DIRECTIONS: The expected response is the complete listing below, restated exactly, with its pictures omitted.

SUPPLIED MATERIAL:
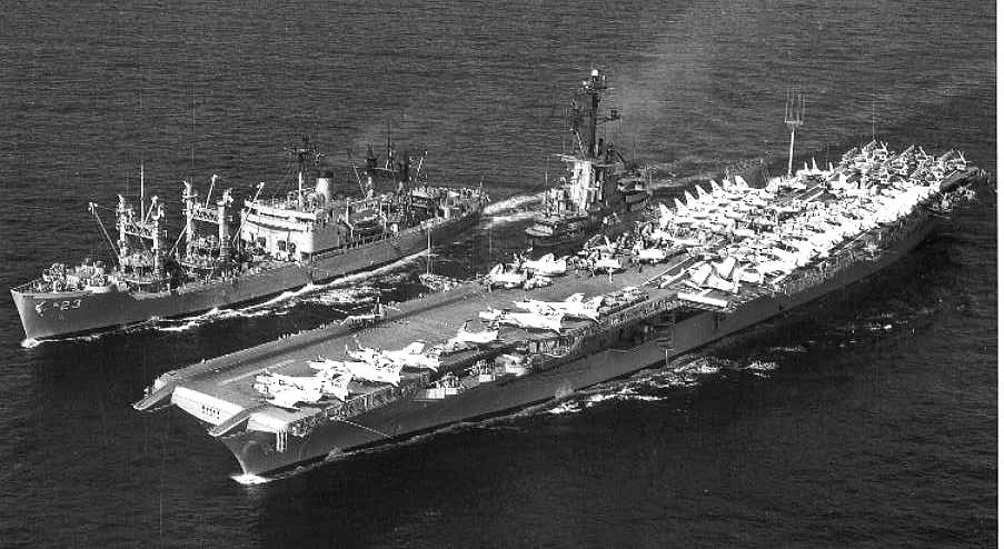 The U.S. ammunition ship USS Nitro (AE-23) replenishing the attack carrier USS Intrepid (CVA-11), circa 1960-1962.
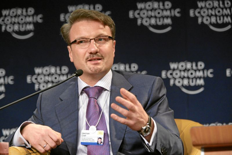 DAVOS/SWITZERLAND, 27JAN07 - Herman Gref, Minister of Economic Development and Trade of Russia, during a session at the Annual Meeting 2007 of the World Economic Forum in Davos, Switzerland, January 27, 2007. Copyright World Economic Forum ( swiss-image.ch
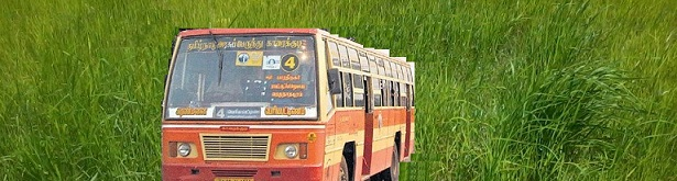 Periyapattinam Route No 4 TNSTC
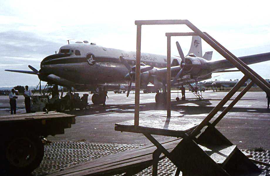 Douglas DC4 of Air Cameroun company This is an image with the theme "Africa on the Move or Transport" from: Cameroon
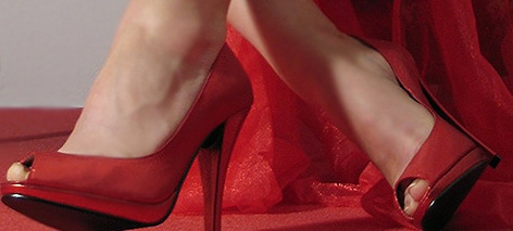 red peeptoe highheels with bare feet in here is the link to the Picture, the owner says ok for posting the picture gina-red.jpgof

RESPONSE:
 The U.S. ammunition ship USS Nitro (AE-23) replenishing the attack carrier USS Intrepid (CVA-11), circa 1960-1962.
 DAVOS/SWITZERLAND, 27JAN07 - Herman Gref, Minister of Economic Development and Trade of Russia, during a session at the Annual Meeting 2007 of the World Economic Forum in Davos, Switzerland, January 27, 2007. Copyright World Economic Forum ( swiss-image.ch
 Periyapattinam Route No 4 TNSTC
 Douglas DC4 of Air Cameroun company This is an image with the theme "Africa on the Move or Transport" from: Cameroon
 red peeptoe highheels with bare feet in here is the link to the Picture, the owner says ok for posting the picture gina-red.jpgof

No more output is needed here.